● **What you have to do**
Set down the lines below, exactly, starting at the one that contains "Carine de Meyere" and stopping at the last line, inclusive. Omit pictures.

● **Dataset content**

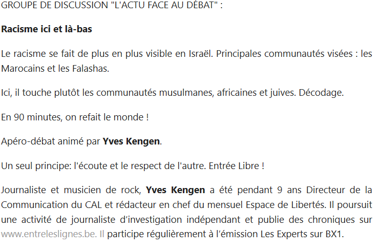 Blog : PhilosémitismeDes Juifs belges accusent Israël de "racisme institutionnalisé" (MàJ)Finalement, le Centre Communautaire Laïc Juif David Susskind (CCLJ) de Bruxelles a changé l'intitulé et la description de son apéro (sic)/débat sur le "racisme institutionnalisé" en Israël (voir la capture d'écran ci-dessous et notre post du 26/10 également reproduit ci-après). L'intitulé s'est métamorphosé en "Racisme ici et là-bas. Le racisme institutionnalisé se fait de plus en plus visible en Israël. Principales communautés visées: les Marocains et les Falashas". On constatera que le terme "institutionnalisé" a disparu, mais l'accusation demeure. Le CCLJ profite de l'occasion pour faire, sans la moindre gêne, la promotion du blog www.entreleslignes.be - qui est celui du socialiste francophone et Israël-basher Pierre Galand et de sa femme également Israël-basheuse Gabrielle Lefèvre? Pierre Galand préside depuis plus de 40 ans - un record mondial - l'Association Belgo-Palestinienne Wallonie-Bruxelles Israël et accuse Israël, entre autres crimes, de pratiquer l'apartheid et d'être un pays' raciste. Philosémitisme (26 octobre): Le Centre Communautaire Laïc Juif David Susskind (CCLJ) de Bruxelles organise un apéro (sic), facétieusement intitulé CAFÉ DU COMMERCE, LUFTGESCHEFT ET PLOTKES (sic), avec Yves (sic) pour "refaire le monde" et accuser Israël de pratiquer un "racisme institutionnalisé" dont les principales communautés visées sont "les Marocains" (sic) et les Falashas. Laissant entendre que d'autres communautés font également l'objet de "racisme" en Israël. Et c'est gratuit, gratis. Il ne faut même pas payer. Le CCLJ a récemment élu un nouveau dirigeant en la personne de l'ancien politique du PS, M. Isi Halberthal' Il semble que ces accusations n'aient pas suscité une quelconque réprobation de la part de la communauté juive belge francophone. Un Apéro avec Yves: CAFÉ DU COMMERCE, LUFTGESCHEFT ET PLOTKES Lundi 25 Novembre 2019 à 18:00Racisme en Israël GROUPE DE DISCUSSION "L'ACTU FACE AU DÉBAT": Racisme en Israël Le racisme institutionnalisé se fait de plus en plus visible en Israël. Principales communautés visées : les Marocains et les Falashas. Décodage. En 90 minutes, on refait le monde! Apéro-débat animé par Yves Kengen. Un seul principe: l'écoute et le respect de l'autre. Entrée Libre! Journaliste et musicien de rock, Yves Kengen a été pendant 9 ans Directeur de la Communication du CAL et rédacteur en chef du mensuel Espace de Libertés. Il poursuit une activité de journaliste d'investigation indépendant et publie des chroniques sur www.entreleslignes.be. Il participe régulièrement à l'émission Les Experts sur BX1. On notera que le CCLJ organise également un débat sur Imre Kertész (1929-2016), écrivain hongrois, survivant des camps de concentration et lauréat du prix Nobel de littérature en 2002. Or Imre Kertész avait averti: "Je crois que les juifs d'Europe commettent une erreur suicidaire quand, sous prétexte de critiquer Israël, ils s'étouffent d'indignation avec les intellectuels et hauts fonctionnaires européens qui drapent le vieil antisémitisme dans un nouveau langage, et qui hier encore voulaient les exterminer; pourquoi donc auraient-ils changé leurs intentions' [?] J'en arrive à conclure que le juif d'Europe est effectivement un personnage nuisible qui déteste voir des armes de défense entre les mains de juifs et voir dans sa propre extermination l'unique solution à sa vie vécue avec une conscience abjecte et confuse. Il n'arrêtera pas tant qu'il n'aura pas atteint son but, tant qu'il n'aura pas été déporté dans un nouvel Auschwitz, battu, dépouillé, tant qu'il n'aura pas creusé sa propre tombe, etc.: tout cela l'étonnera à nouveau, comme autrefois." (10 août 2002) 1 commentaire
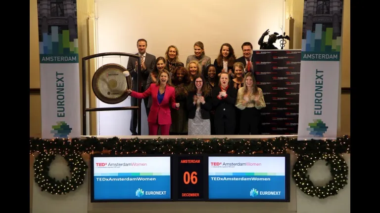 Carine de Meyere Director Partnerships TEDxAmsterdamWomen & de Startup award 2018, opent de handel op de Amsterdamse beurs. Carine deelt het podium met het TEDxAmsterdamWomen team en een groot aantal partners waaronder ABN AMRO, NN, Accenture, Cathay Pacific Clifford Chance, Aon, Allen & Overy, Facebook, Boeing, Salesforce, Philips en Microsoft.
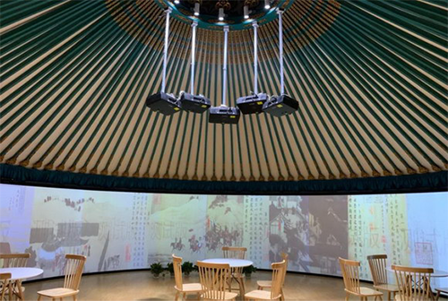 此次項目采用了5臺6000流明ROLY樂麗激光工程投影機,弧形融合,融合帶為單臺投影機畫面的19%,弧形融合顯示中,增加了互動體感系統(tǒng),讓參觀者可以使用互動系統(tǒng)掃描作品,推送到投影融合中顯示,可以進行人畫互動,大大增加了觀眾的體驗感。

● **Task answer**
 Carine de Meyere Director Partnerships TEDxAmsterdamWomen & de Startup award 2018, opent de handel op de Amsterdamse beurs. Carine deelt het podium met het TEDxAmsterdamWomen team en een groot aantal partners waaronder ABN AMRO, NN, Accenture, Cathay Pacific Clifford Chance, Aon, Allen & Overy, Facebook, Boeing, Salesforce, Philips en Microsoft.
 此次項目采用了5臺6000流明ROLY樂麗激光工程投影機,弧形融合,融合帶為單臺投影機畫面的19%,弧形融合顯示中,增加了互動體感系統(tǒng),讓參觀者可以使用互動系統(tǒng)掃描作品,推送到投影融合中顯示,可以進行人畫互動,大大增加了觀眾的體驗感。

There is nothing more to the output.